Step by step solution
01
Identify Given Quantities
We are given the speed of the proton as \[ v = 0.55c \] where \( c \) is the speed of light. The rest mass of a proton \( m_0 \) is approximately \( 1.67 \times 10^{-27} \) kilograms.
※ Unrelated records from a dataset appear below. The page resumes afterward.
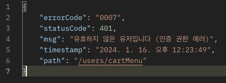 이를 통해 서버가 정의한 에러 객체를 확인할 수 있다.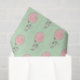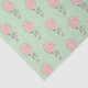 Papel tecidular com um coelho branco, branco, segurando um grande balão cor-de-rosa flutuando no ar. Colocado sobre um fundo verde-claro.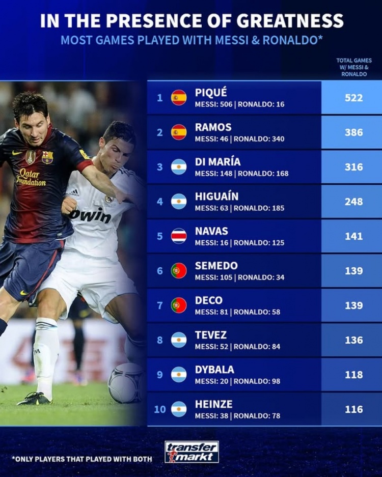 1.皮克,與梅西同場506次,與C羅同場16次,合計(jì)522次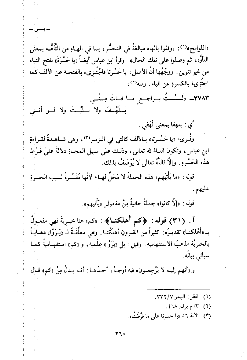 اللوامح» : «وقفوا بالهاء مبالغةً في التحسُّر، لِما في الهاءِ من التَّأَهُّه بمعنى التأوُّه، ثم وصلوا على تلك الحال» . وقرأ ابن عباس أيضاً «يا حَسْرَةَ» بفتح التاء من غير تنوين. ووجْهُها أنَّ الأصل: يا حَسْرتا فاجْتُزِئ بالفتحة عن الألف كما اجتُزِئ بالكسرةِ عن الياء. ومنه: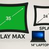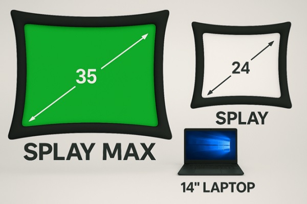 Splay Max väger bara 1,6 kg, fungerar i upp till 5 timmar utan att laddas och kan kopplas till en bärbar dator, smartphone eller spelkonsol via USB-C och HDMI. Inuti finns inbyggda högtalare och ett kraftfullt batteri.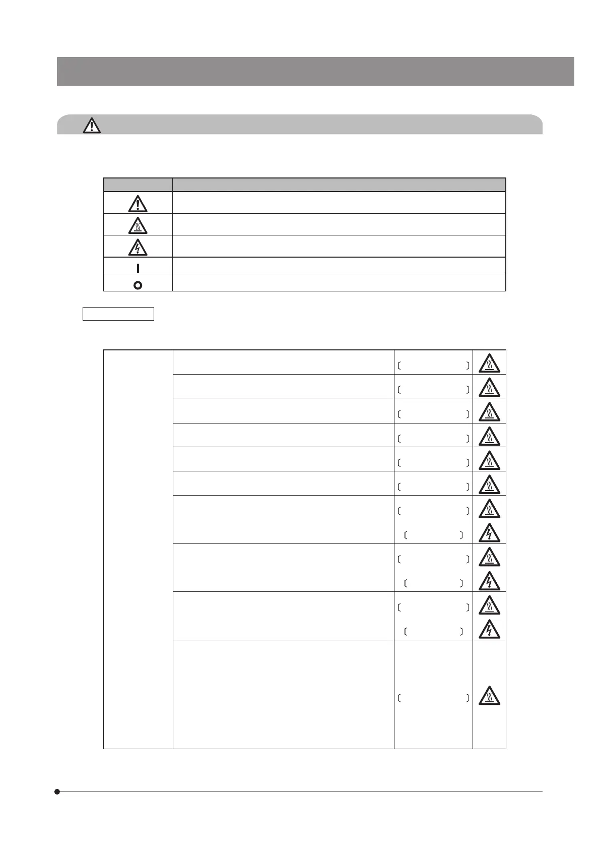 Indicates that the surface becomes hot, and should not be touched with bare hands.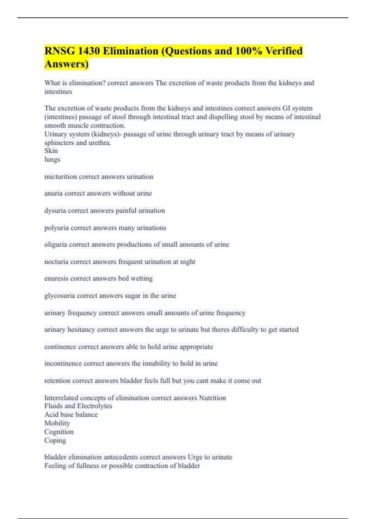 RNSG 1430 Elimination (Questions and 100% Verified Answers)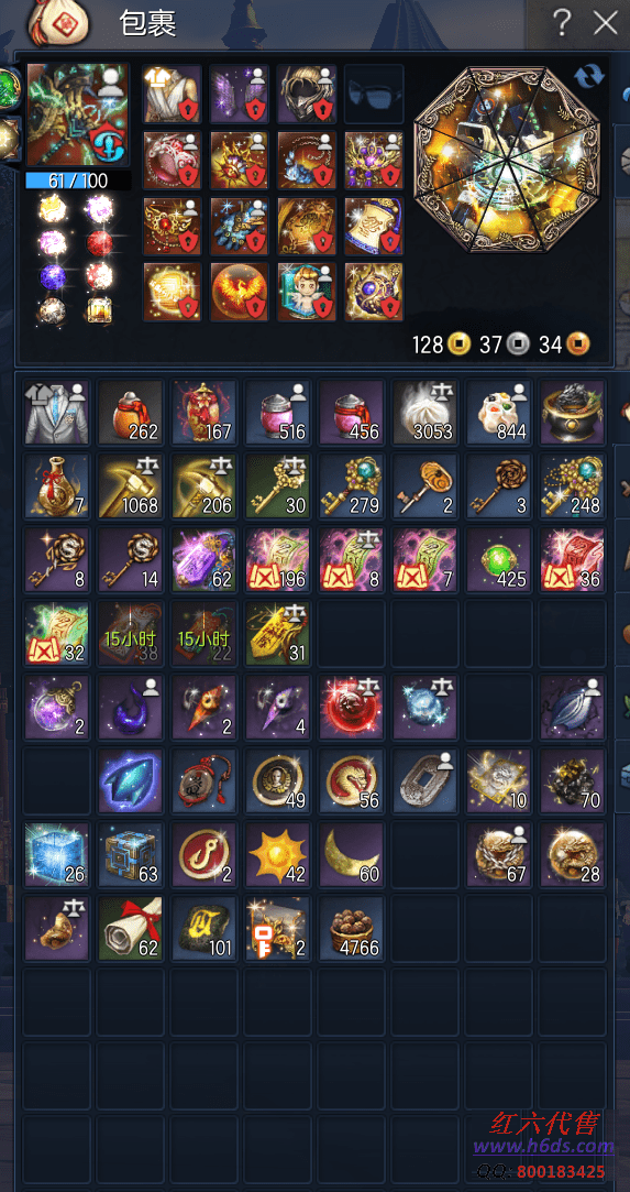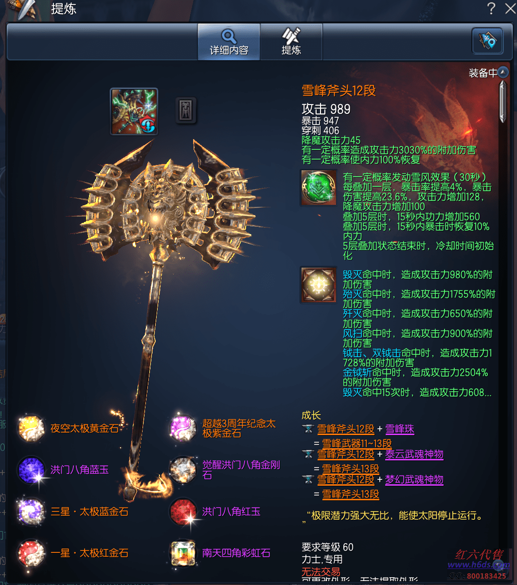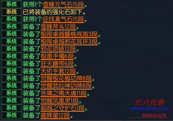 11649,无日峰力士,侠义团92段,三星太极石,雪峰元气石15段,征伐真气石15段,雪峰斧头12段,卓越蟠桃戒指3段,卓越邪花耳环3段,邪花项链12段,极凰手镯6段,狂天腰带6段,天佑手套12段,极花秘功牌8段,武仙神功牌8段,苦痛南天魂11段,觉醒凤凰灵1段,超越守护石1段,晨晖星12段,衣服128, 10000R,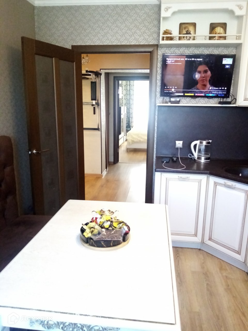 В прихожей, на кухне и лоджии теплые полы, стены и полы выровнены, покрытие - ламинат. Новая проводка. Сан узел раздельный в дорогой импортной плитке, стоит душевая кабина, система инсталляции. В комнате кондиционер. Лоджия утеплена, окна лоджии выходят на церковь. Рядом детский сад, школа, продуктовый магазин "Апельсин", Аптека, Почта.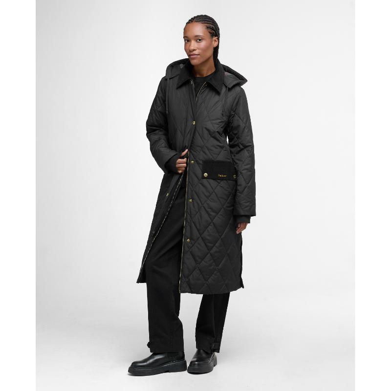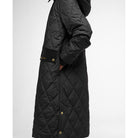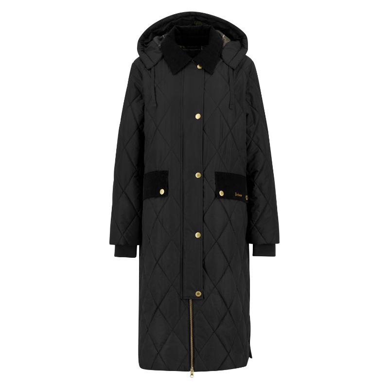 The Barbour Meredith Ladies Quilted Jacket combines heritage style with practical warmth. This longline jacket features a bold four-inch diamond quilt pattern and a detachable hood for added protection. It secures with a stud placket concealing a zip, while extended rib cuffs enhance comfort and block out cold. The tartan-lined hood and buggy lining bring a refined touch of Barbour’s signature heritage, making this jacket a sophisticated choice for cooler days.
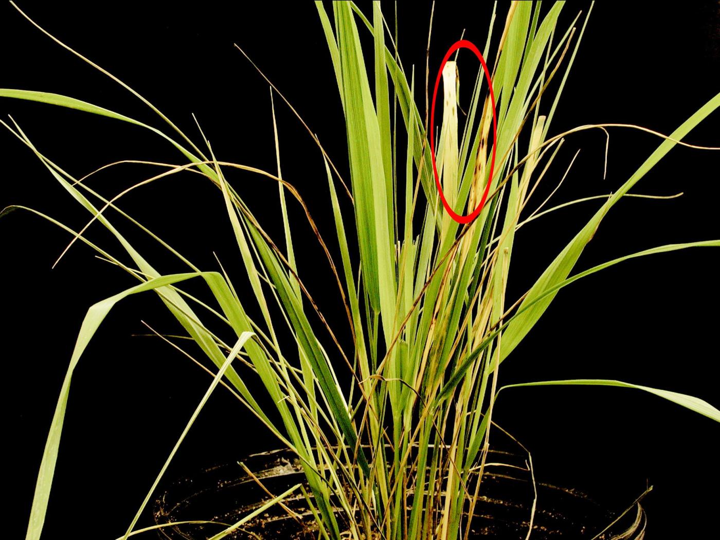 Description: Quelques feuilles basales de calamagrostide (cv 'Karl Forester') montrent des taches allongées, violacées à noires, dont le diamètre varie entre 1 et 10 mm (voir cercle). Les tests de laboratoire ont révélé la présence du champignon Colletotrichum sp., responsable de l’anthracnose. Deux espèces de Colletotrichum sont rapportées chez la calamagrostide hybride soient C. gloeosporioides et C. graminicola.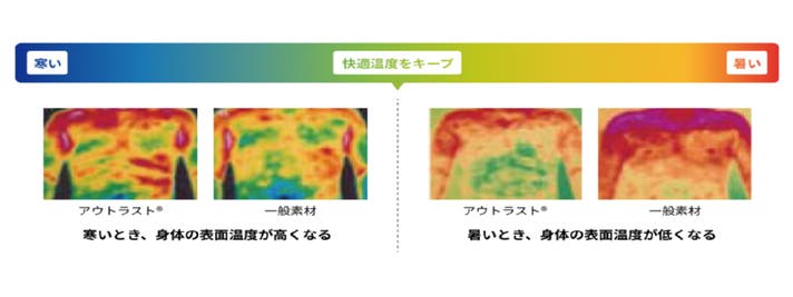 ※米アウトラスト社調べによると、アウトラストを使用したアウターウェアと、一般素材を使ったものを比較実験してみると、身体の表面温度は、ここまで変わります。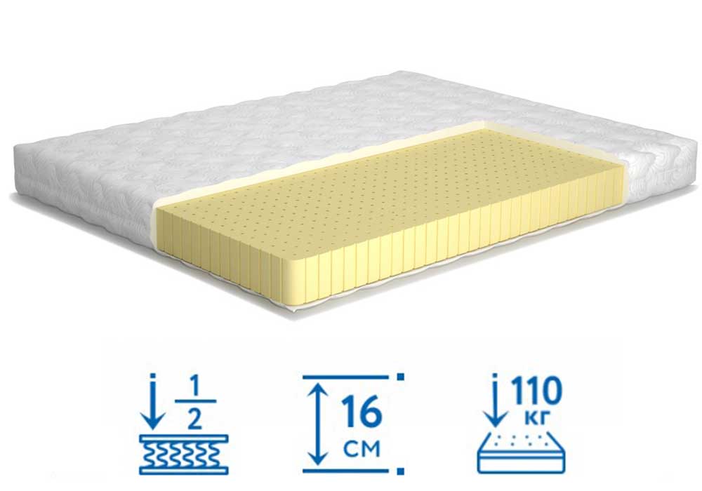 Матрас Latex/Латекс купить в интернет-магазине Матрас ТВ разумно, если требуется спальное приспособление с основой из латекса. Двухстороннее изделие с варьируемой жесткостью высотой 16 см способно выдержать вес до 110 кг. Достоинства изделия оценят любители мягких приспособлений для постоянного ночного сна.

These quantities will be used to calculate total energy, kinetic energy, and momentum.
02
Calculate Lorentz Factor
The Lorentz factor \( \gamma \) is calculated using the formula: \[ \gamma = \frac{1}{\sqrt{1 - \left(\frac{v}{c}\right)^2}} \]Substitute \( v = 0.55c \):\[ \gamma = \frac{1}{\sqrt{1 - (0.55)^2}} = \frac{1}{\sqrt{1 - 0.3025}} \]\[ \gamma \approx \frac{1}{\sqrt{0.6975}} \approx 1.20 \]
03
Compute Total Energy
The total energy \( E \) of the proton is given by: \[ E = \gamma m_0 c^2 \]Calculate:\[ E = 1.20 \cdot 1.67 \times 10^{-27} \cdot (3 \times 10^8)^2 = 1.20 \cdot 1.67 \times 10^{-27} \cdot 9 \times 10^{16} \]\[ E \approx 1.80 \times 10^{-10} \text{ Joules} \]
04
Compute Kinetic Energy
Kinetic energy \( KE \) is the difference between total energy and rest energy:Rest energy \( E_0 = m_0 c^2 = 1.67 \times 10^{-27} \cdot 9 \times 10^{16} \approx 1.503 \times 10^{-10} \text{ Joules} \)Thus, kinetic energy is:\[ KE = E - E_0 = 1.80 \times 10^{-10} - 1.503 \times 10^{-10} \approx 0.297 \times 10^{-10} \text{ Joules} \]
05
Compute Momentum
Momentum \( p \) is given by the formula:\[ p = \gamma m_0 v \]Calculate:\[ p = 1.20 \cdot 1.67 \times 10^{-27} \cdot 0.55 \cdot 3 \times 10^8 \]\[ p \approx 3.30 \times 10^{-19} \text{ kg m/s} \]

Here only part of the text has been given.